Grid searches

In this section, we will explore grid searches.

We'll talk a bit about optimization versus grid searching, setting up a model generator function, setting up a parameter grid and doing a grid search with cross-validation, and finally, reporting the outcomes of our grid search so we can pick the best model.

So why, fundamentally, are there two different kinds of machine learning activities here? Well, optimization solves for parameters with feedback from a loss function: it's highly optimized. Specifically, a solver doesn't have to try every parameter value in order to work. It uses a mathematical relationship with partial derivatives in order to move along what is called a gradient. This lets it go essentially downhill mathematically to find the right answer.
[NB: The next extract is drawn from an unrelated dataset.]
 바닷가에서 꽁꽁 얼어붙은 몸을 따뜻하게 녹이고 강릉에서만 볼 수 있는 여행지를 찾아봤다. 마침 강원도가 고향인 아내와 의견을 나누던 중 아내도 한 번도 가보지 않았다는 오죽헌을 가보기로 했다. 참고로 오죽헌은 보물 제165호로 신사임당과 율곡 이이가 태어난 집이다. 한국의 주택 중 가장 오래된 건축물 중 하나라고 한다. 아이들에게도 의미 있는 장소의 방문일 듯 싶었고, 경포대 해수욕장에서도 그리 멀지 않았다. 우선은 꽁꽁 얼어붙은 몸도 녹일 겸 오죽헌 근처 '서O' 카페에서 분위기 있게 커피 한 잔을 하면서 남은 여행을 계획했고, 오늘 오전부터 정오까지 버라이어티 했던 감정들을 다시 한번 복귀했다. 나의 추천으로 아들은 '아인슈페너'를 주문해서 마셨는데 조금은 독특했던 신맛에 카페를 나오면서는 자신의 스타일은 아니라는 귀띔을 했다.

Grid searching isn't quite so smart. In fact, it's completely brute force. When we talk about doing a grid search, we are actually talking about exploring every possible combination of parameter values. The grid search comes from the fact that the two different sets of parameters forms a checkerboard or grid, and the grid search involves running the values that are in every square. So, as you can see, grid searching is radically less efficient than optimization. So, why would you ever even use a grid search? Well, you use it when you need to learn parameters that cannot be solved by an optimizer, which is a common scenario in machine learning. Ideally, you'd have one algorithm that solves all parameters. However, no such algorithm is currently available.
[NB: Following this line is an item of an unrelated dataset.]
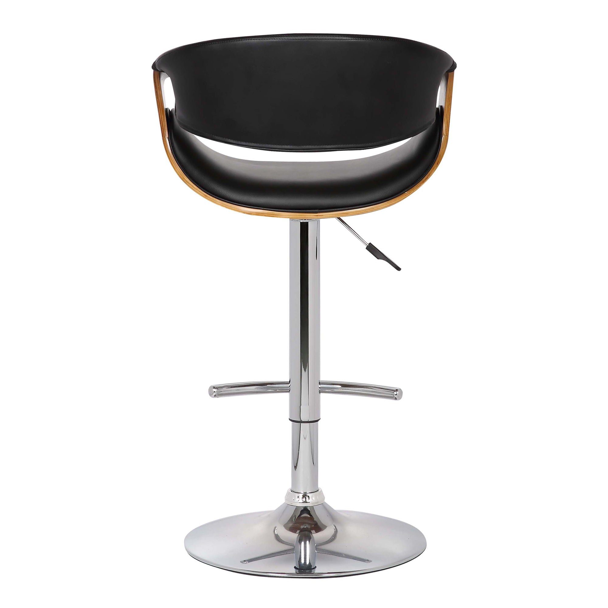 Butterfly - Adjustable Height Swivel Bar Stool With Chrome Base (Set of 4) - Black Faux Leather And Walnut Wood

Alright, let's look at some code:

Model-generating function and conceive two hyperparameters

We're going to be using scikit-learn, a toolkit often used with Keras and other machine learning software in order to do our grid search and our classification report, which will tell us about our best model. Then, we're also going to import Keras's KerasClassifier wrapper, which makes it compatible with scikit_learn.

So now, let's focus on a model-generating function and conceive two hyperparameters. One of them will be dropout and the other one will be the number of units in each one of the dense hidden layers. So, we're building a function here called dense_model that takes units and dropout and then computes our network as we did previously. But instead of having a hard-coded 32 or 0.1 (for example), the actual parameters are going to be passed in, which is going to compile the model for us, and then return that model as an output. This time, we're using the sequential model. Previously, when we used the Keras functional model, we chained our layers together one after the other. With the sequential model, it's a lot more like a list: you start off with the sequential model and you add layer after layer, until the sequential model itself forms the chain for you. And now for the hyperparameter grid. This is where we point out some shortcomings of the grid search versus an optimizer. You can see the values we're picking in the preceding screenshot. We'll do one epoch in order to make things run faster, and we'll keep a constant batch_size of 64 images that will vary between 32, 64, and 128 hidden units, and dropouts of 0.1, 0.2, and 0.4. Here's the big shortcoming of grid search: the hyperparameters you see listed here are the only ones that will be done—the grid search won't explore hyperparameter values in-between.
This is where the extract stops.